Representative images of meniscal pathology during spontaneous osteoarthritis development in Str/ort mice. a Toluidine blue, Collagen type II (Col2) and Sox9 immunolabelling in healthy CBA mouse meniscus, which can be divided into distinct regions: hyaline cartilage (H) surrounds an ossified region (O) and an outer fibrous (F) region. b–d Representative images from diseased menisci from Str/ort mouse knee joints with OA grades of 2 (mild), 4 (moderate) and 5 (severe). Toluidine blue staining showed a range of meniscal pathologies associated with OA development including an increase in the fibrous region (delineated by red lines), proteoglycan deposition and bone formation (red arrows). Col2- and sox9-positive cells (black arrows) were seen in the fibrous region of the meniscus with disease showed. Low mag = low magnification, scale bar = 100 μm; High mag = high magnification, scale bar = 50 μm. For orientation: femur at top of picture, tibia bottom
Knee joints from a group of male adult Str/ort mice (aged 26 and 40 weeks, n = 21) were graded for AC degradation using the OARSI grading system showing a range of severities (grades 1–6). The range of meniscal pathology occurred mainly in the medial compartment and included osteophyte formation at the meniscal tip, chondrogenesis and ossification in the fibrous region, as well as hypertrophy at the attachment site and erosion. The severity of pathological changes in the medial meniscus of Str/ort mice increased with AC degradation severity scored according to the OARSI grading system (Fig. 1b–d). The first notable change in early stages of OA (grade 2) was an increase in the outer fibrous region of the meniscus, which further increased with disease progression. In OA grade 4 and higher, this expanding fibrous region showed evidence of hyperplasia, chondrogenesis and formation of bone marrow cavities. The changes included increased toluidine blue staining and the appearance of rounded chondrocyte-like cells particularly in the region attaching to the joint capsule. Immunohistochemistry showed Col2 deposition in the fibrous region, particularly in areas surrounding bone formation and in the outer areas near the capsular attachment site. Similarly, Sox9-positive cells were prominent in the edges of the fibrous compartment of the meniscus.

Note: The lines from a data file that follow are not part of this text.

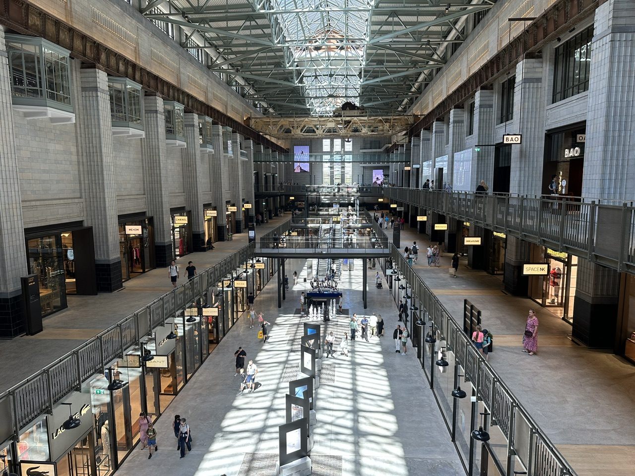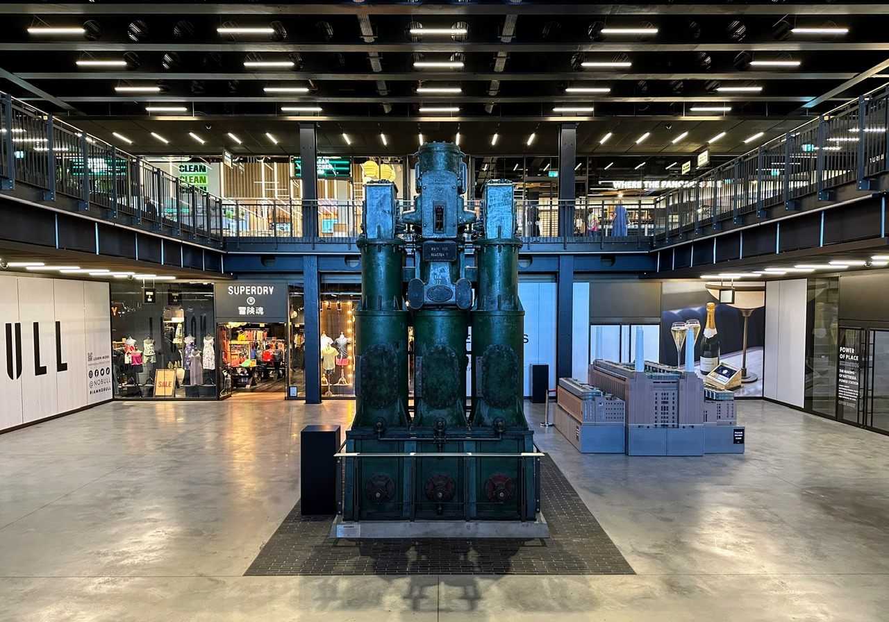 発電所ビル内に足を踏み入れてみると、高級ブティックやユニクロ、カフェ・レストランなど多数のショップが並んでいました。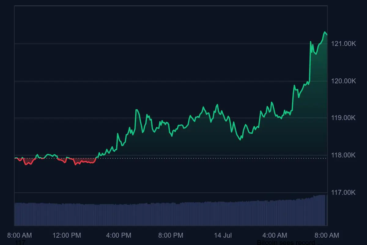 Bitcoin đạt mức cao kỷ lục mới 121.300 USD vào ngày 14/7, tăng 2,93% trong 24 giờ, nhờ lực mua từ doanh nghiệp, dòng vốn ETF mạnh và tín hiệu kỹ thuật tích cực.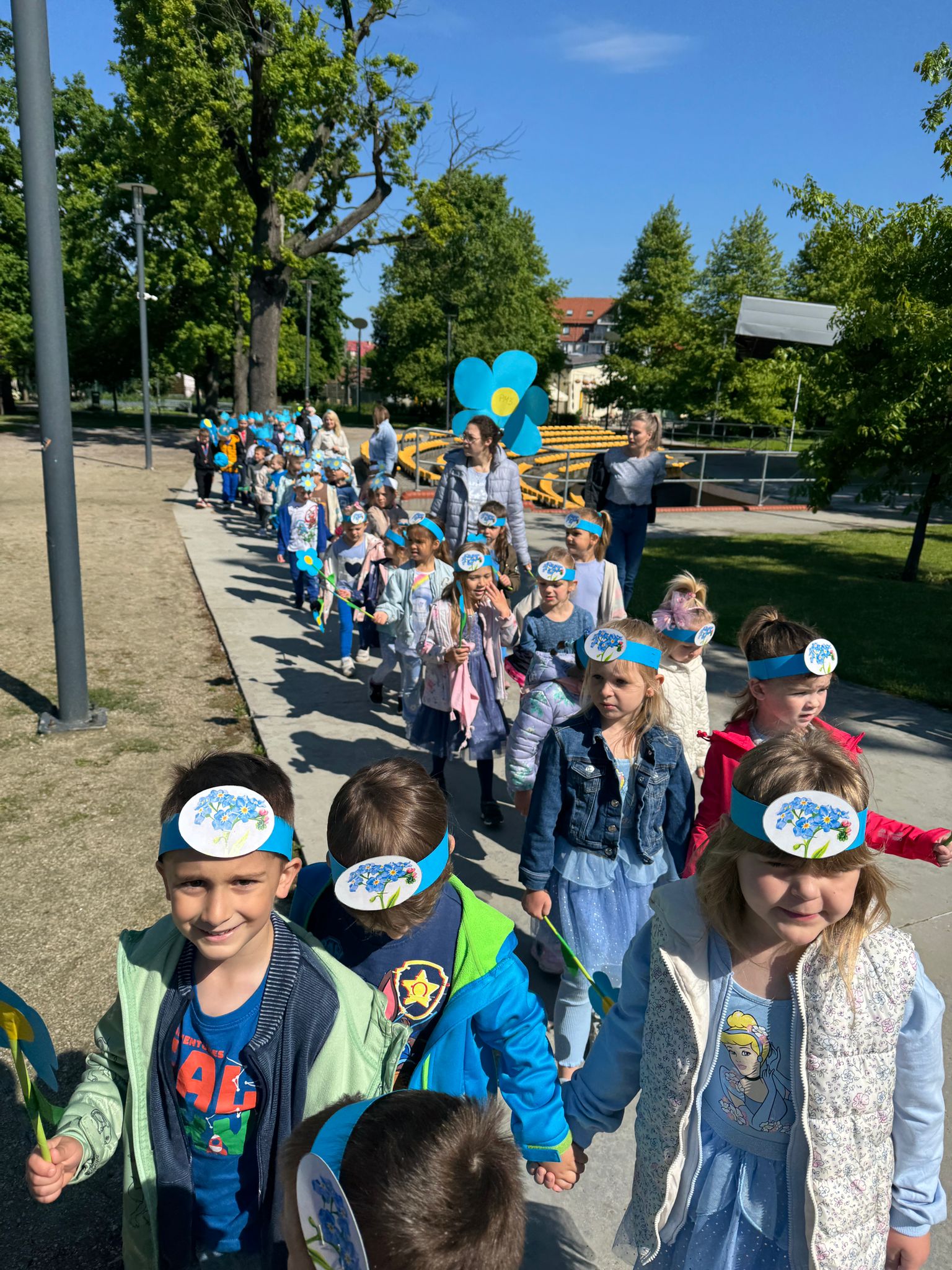 Dzień Polskiej Niezapominajki to święto przyrody, które ma na celu promowanie walorów przyrodniczych, a także stałe przypominanie o ochronie środowiska. Dzieci z naszego przedszkola trzymając w rękach niebieskie kwiaty, wraz z innymi przedszkolami i szkołami podstawowymi przeszły ulicami miasta w stronę ratusza, gdzie spotkały się z burmistrzem Polkowic. Na zakończenie dzieci otrzymały jabłka, które były symbolem promowania zdrowego stylu życia i dbania o środowisko.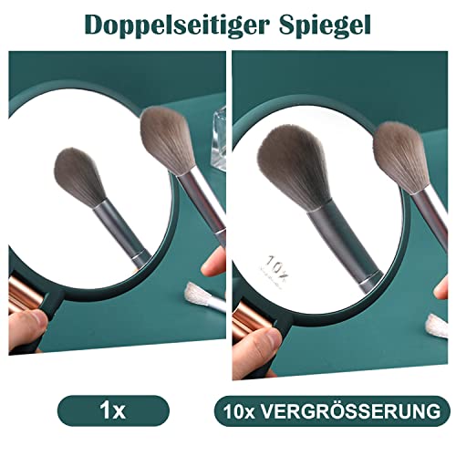 FARYODI Specchio a mano con ingrandimento 1 X 10X, specchio da trucco double face, piccolo specchio portatile, pieghevole con manico rotondo, specchio da viaggio, specchio da tavolo, girevole a 360

Cruciate and collateral ligaments developed areas of chondrogenesis during osteoarthritis in Str/ort mouse knees
Ligaments, the stabilisers of the knee joint, are comprised of aligned spindle-shaped cells and dense collagenous fibres which stain only weakly with toluidine blue in healthy joints (Fig. 2a). The anterior cruciate ligament (ACL) in Str/ort joints with AC lesions of grade 2 or greater contained ACLs with clear chondrogenic changes including positive toluidine blue staining, thickening of fibres and rounded hypertrophic cells evident at the tibial insertion (Fig. 2). In more severe OA cases, positive toluidine blue staining expanded through the entire ACL and insertion site and showed signs of misalignment and degeneration, with columns of hypertrophic cells. Immunohistochemistry confirmed changes in the ACL extracellular matrix and cellular markers in the Str/ort mouse knee joint, with Col2 deposition in the ACL tibial insertion sites (Fig. 2). Sox9 expression was seen within cells of the ligament insertion site and extended to the cells within the ligaments (Fig. 2). Col2 deposition and Sox9 expression in the ligament or insertion site were not observed in the healthy CBA ligaments (Fig. 2).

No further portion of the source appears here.